Non-Linear Scoring Model for Translation Quality Evaluation

Analytic Translation Quality Evaluation (TQE), based on Multidimensional Quality Metrics (MQM), traditionally uses a linear error-to-penalty scale calibrated to a reference sample of 1000-2000 words. However, linear extrapolation biases judgment on samples of different sizes, over-penalizing short samples and under-penalizing long ones, producing misalignment with expert intuition. Building on the Multi-Range framework, this paper presents a calibrated, non-linear scoring model that better reflects how human content consumers perceive translation quality across samples of varying length. Empirical data from three large-scale enterprise environments shows that acceptable error counts grow logarithmically, not linearly, with sample size. Psychophysical and cognitive evidence, including the Weber-Fechner law and Cognitive Load Theory, supports this premise by explaining why the perceptual impact of additional errors diminishes while the cognitive burden grows with scale. We propose a two-parameter model E(x) = a * ln(1 + b * x), a, b > 0, anchored to a reference tolerance and calibrated from two tolerance points using a one-dimensional root-finding step. The model yields an explicit interval within which the linear approximation stays within +/-20 percent relative error and integrates into existing evaluation workflows with only a dynamic tolerance function added. The approach improves interpretability, fairness, and inter-rater reliability across both human and AI-generated translations. By operationalizing a perceptually valid scoring paradigm, it advances translation quality evaluation toward more accurate and scalable assessment. The model also provides a stronger basis for AI-based document-level evaluation aligned with human judgment. Implementation considerations for CAT/LQA systems and implications for human and AI-generated text evaluation are discussed.

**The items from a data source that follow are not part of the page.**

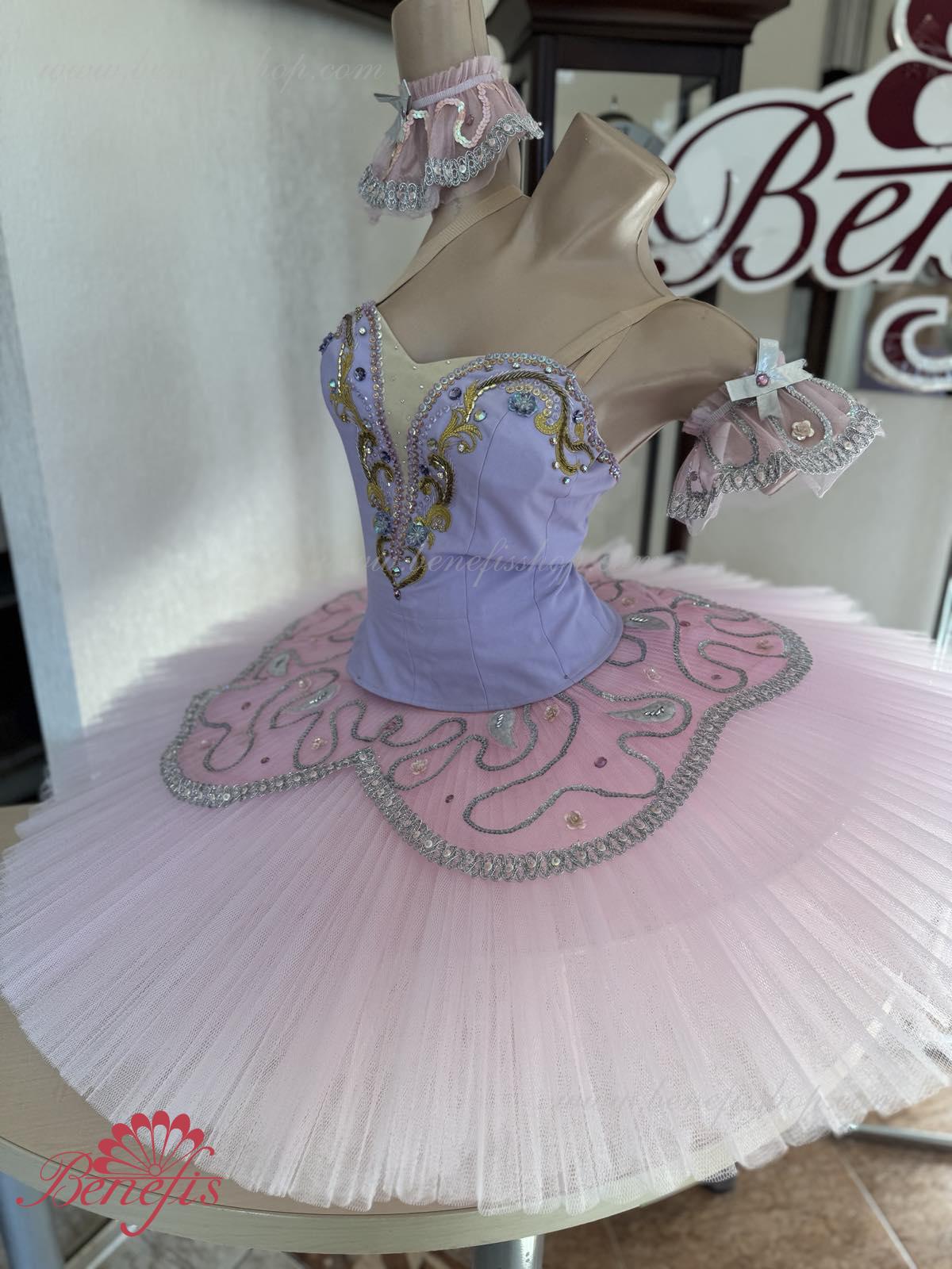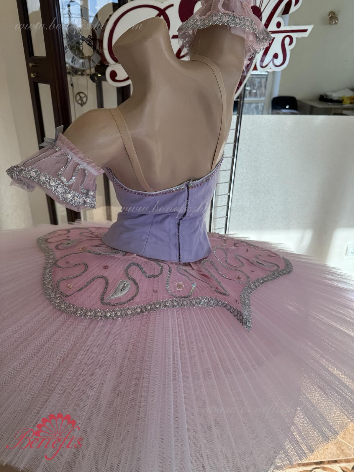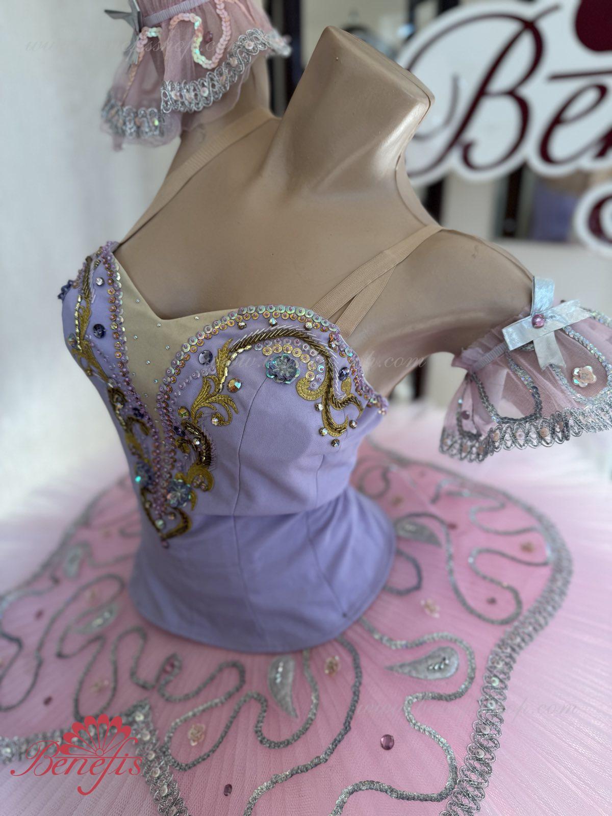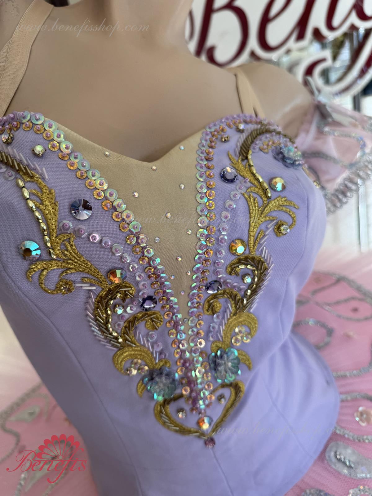 Acest costum de scenă poate fi întrebuiţat în multe piese de balet ca costum de concert si se potriveste excelent pentru prezentarea “Frumoasa Adormită” pentru rolul Zînei Liliacului.
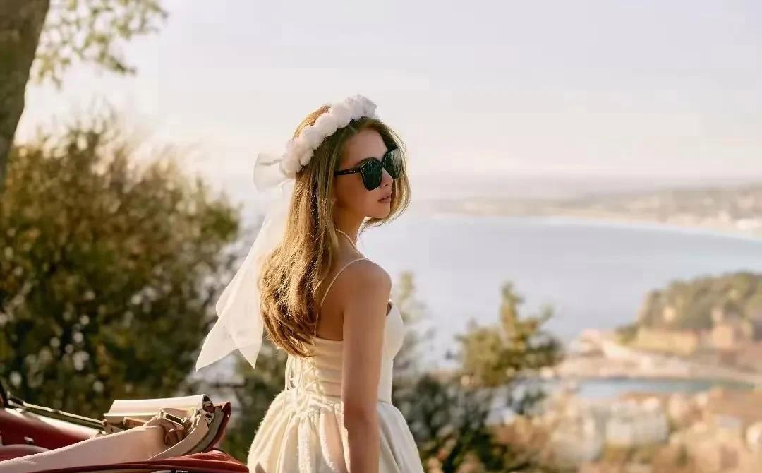 当天,昆凌穿着一条白色的长裙,头戴轻盈的头纱,在阳光下显得格外迷人。
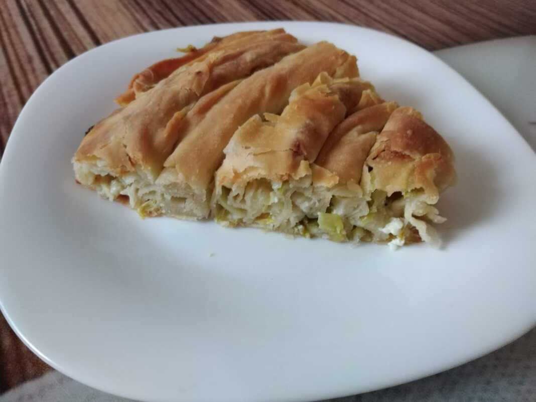 Η πίτα ψήνεται στους 190 βαθμούς για 30-35 λεπτά μέχρι να πάρει ένα ωραίο χρυσαφί χρώμα. Από τα παραπάνω υλικα βγαίνουν δύο πίτες αν τις πλάσετε σε ταψιά 30 εκ.
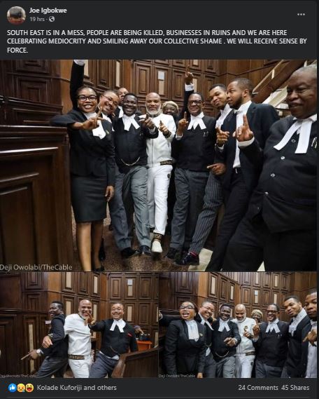 Joe Igbokwe has frowned at photos of Nnamdi Kanu, leader of the Indigenous People of Biafra posing with his legal team inside court yesterday.
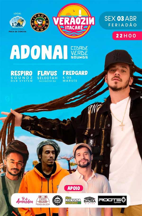 Adonai | Cidade Verde Sounds. Diretamente de SP mais de 10 anos de hits, energia lá em cima e aquela vibe que só quem já viveu sabe… Cabana Corais – Praia da Concha, 03 de Abril, 22h. Fredgard & Os Maruís (banda ao vivo abrindo a noite). Respiro Soundz, Flavus Selectah.
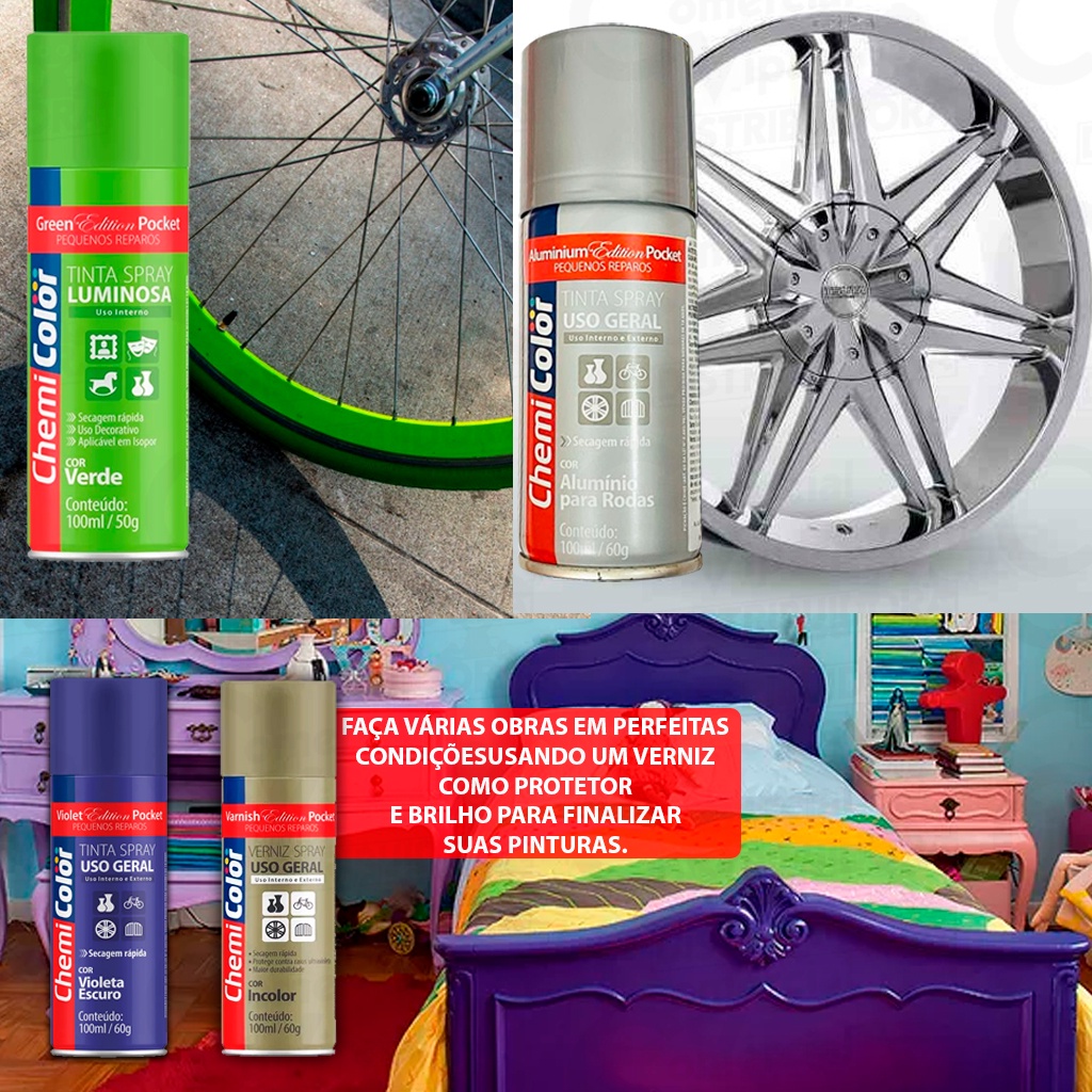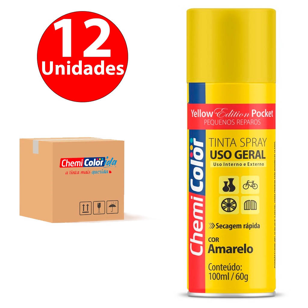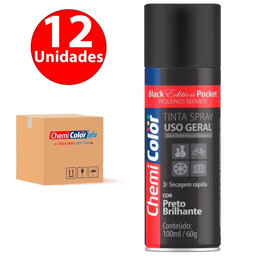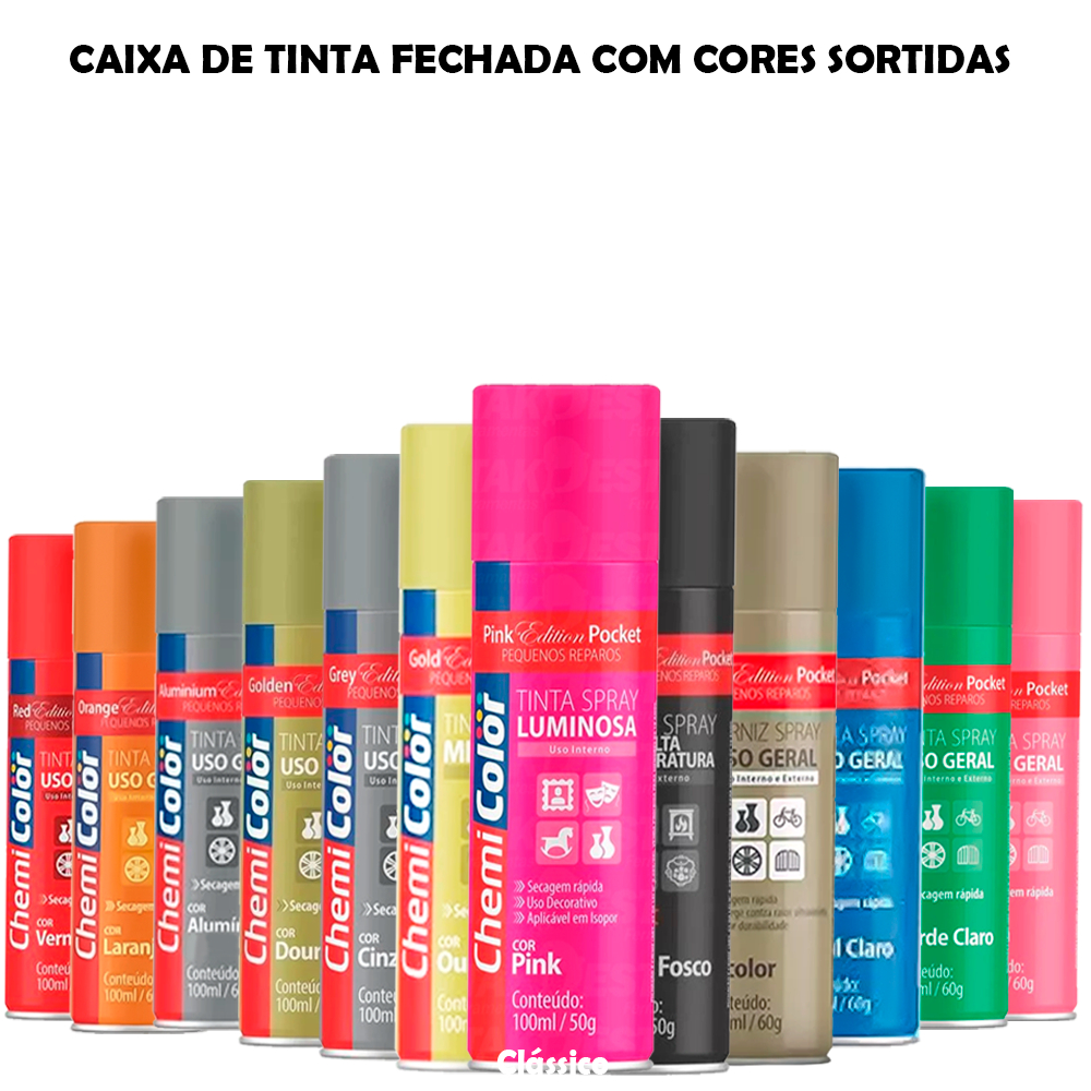 Kit Jogo 12 Tintas Spray Pocket Caixa Fechada Todas As Cores Uso Geral Metálica Fluorescentes 100ml
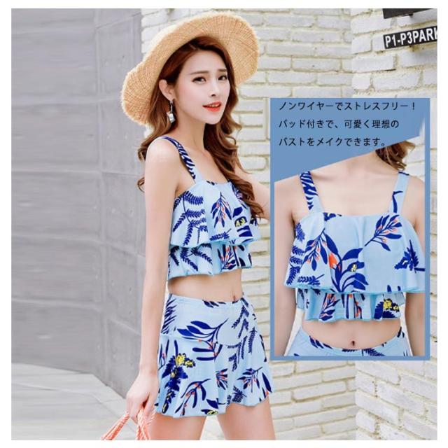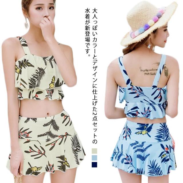 水着 レディース 体型カバー 2点セット フィットネス 上下セット スイムウェア パッド付き セパレート 花柄 インナーパンツ付き お洒落 温泉 ビーチ 通気性 可愛い

翻译：基于多维质量指标（MQM）的分析型翻译质量评估（TQE）传统上采用线性误差-惩罚量表，该量表通常针对1000-2000词的参考样本进行校准。然而，线性外推法对不同规模样本的评判存在偏差，会过度惩罚短样本而低估长样本的惩罚，导致评估结果与专家直觉不符。本文基于多范围框架，提出一种经过校准的非线性评分模型，该模型能更准确地反映人类内容消费者对不同长度样本翻译质量的感知。来自三个大规模企业环境的实证数据表明，可接受的错误数量随样本规模呈对数增长，而非线性增长。心理物理学和认知证据（包括韦伯-费希纳定律和认知负荷理论）支持这一前提，解释了为何额外错误的感知影响会减弱，而认知负担却随规模增加。我们提出了一个双参数模型 E(x) = a * ln(1 + b * x)，其中 a, b > 0，该模型锚定于参考容错率，并通过一维求根步骤从两个容错点进行校准。该模型给出了一个明确的区间，在此区间内线性近似的相对误差保持在 +/-20% 以内，并且只需添加一个动态容错函数即可集成到现有评估工作流中。该方法提升了人类翻译和AI生成翻译在可解释性、公平性和评分者间信度方面的表现。通过实施一种感知有效的评分范式，该研究推动了翻译质量评估向更准确、可扩展的方向发展。该模型还为基于AI的、与人类判断相符的文档级评估提供了更坚实的基础。本文还讨论了其在CAT/LQA系统中的实施考量以及对人类和AI生成文本评估的启示。